==== Collected data

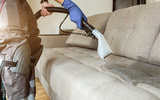 Close up man hand in protective rubber glove cleaning sofa with professionally extraction method. Early spring regular cleanup. Commercial cleaning company concept
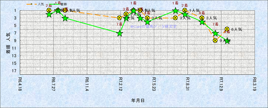 脚質解析 近20レースの4コーナーでの位置取りと上がり順位(頭数補正後) |
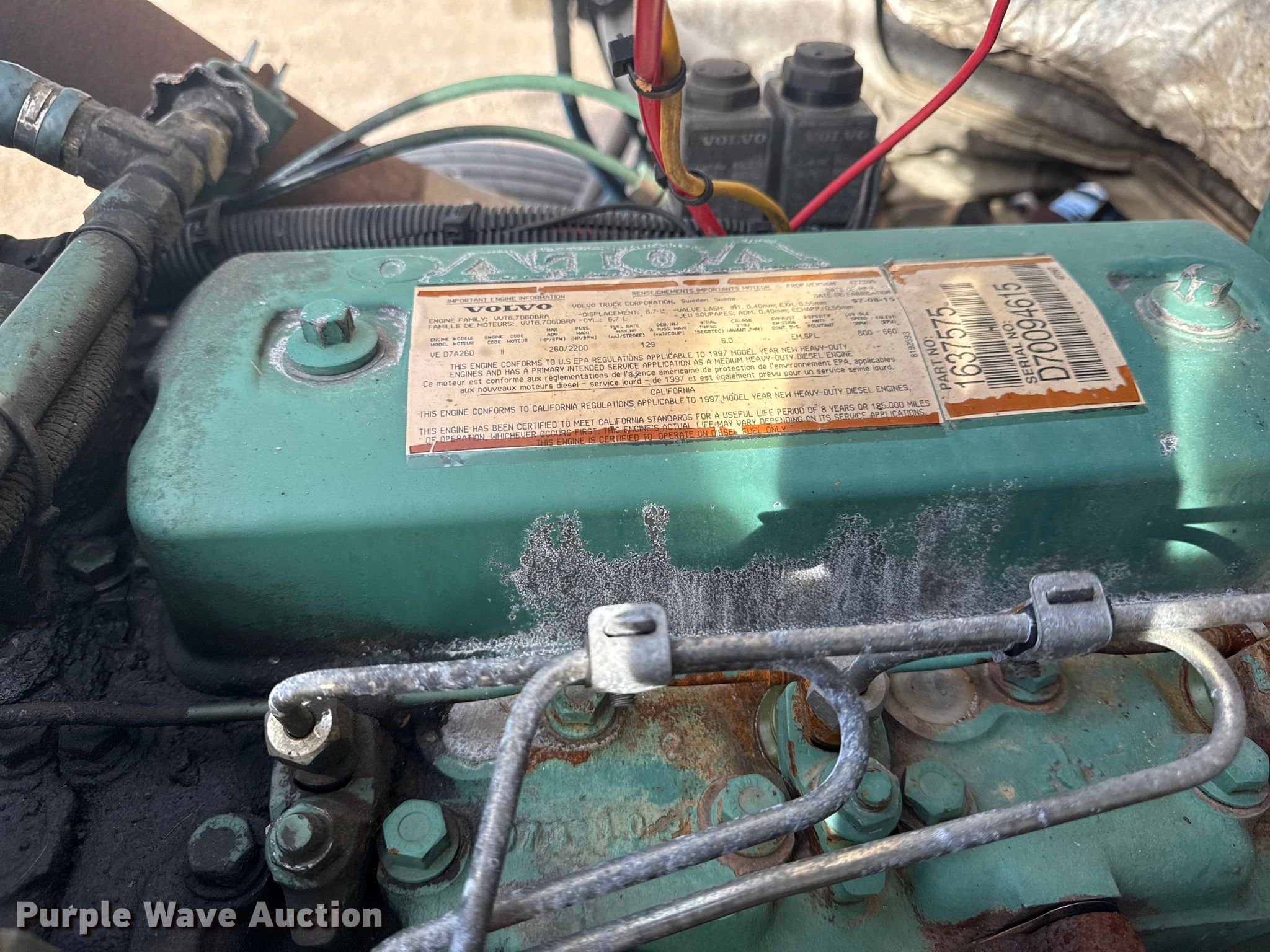 1998 Volvo Truck WG truck cab and chassis. Miles: 72,002 on odometer, VIN: 4VGJBAHD6WN861553. Engine Volvo VE7, Displacement: 6.7L, Cylinders: 6, Fuel type: Diesel. Transmission Eaton Fuller, Manual, Speed: 9. Chassis Axles: Single, Suspension: Spring, Brakes: Air, Truck chassis: 10', GVWR: 34,500 lbs FAWR: 12,000 lbs, RAWR: 22,500 lbs. Interior AC, Heat, Heated mirrors, Brake controller. Features Fuel tank: Single. Tires Front: 11R22.5, Rear: 11R24.5. Notes Windshield chipped or cracked. Oklahoma title. Seller is an Oklahoma licensed motor vehicle dealer. Buyers may be required to provide identification to the licensed dealer to comply with state laws. Title will be assigned and distributed by the dealer. Please contact the seller for distribution questions. Title distribution may be delayed up to 30 days from verification of funds. Collinsville, OK 74021

========

*Work to be completed*. Copy out the material above in full and exactly, but with no pictures.

*Exercise response*.
 Close up man hand in protective rubber glove cleaning sofa with professionally extraction method. Early spring regular cleanup. Commercial cleaning company concept
 脚質解析 近20レースの4コーナーでの位置取りと上がり順位(頭数補正後) |
 1998 Volvo Truck WG truck cab and chassis. Miles: 72,002 on odometer, VIN: 4VGJBAHD6WN861553. Engine Volvo VE7, Displacement: 6.7L, Cylinders: 6, Fuel type: Diesel. Transmission Eaton Fuller, Manual, Speed: 9. Chassis Axles: Single, Suspension: Spring, Brakes: Air, Truck chassis: 10', GVWR: 34,500 lbs FAWR: 12,000 lbs, RAWR: 22,500 lbs. Interior AC, Heat, Heated mirrors, Brake controller. Features Fuel tank: Single. Tires Front: 11R22.5, Rear: 11R24.5. Notes Windshield chipped or cracked. Oklahoma title. Seller is an Oklahoma licensed motor vehicle dealer. Buyers may be required to provide identification to the licensed dealer to comply with state laws. Title will be assigned and distributed by the dealer. Please contact the seller for distribution questions. Title distribution may be delayed up to 30 days from verification of funds. Collinsville, OK 74021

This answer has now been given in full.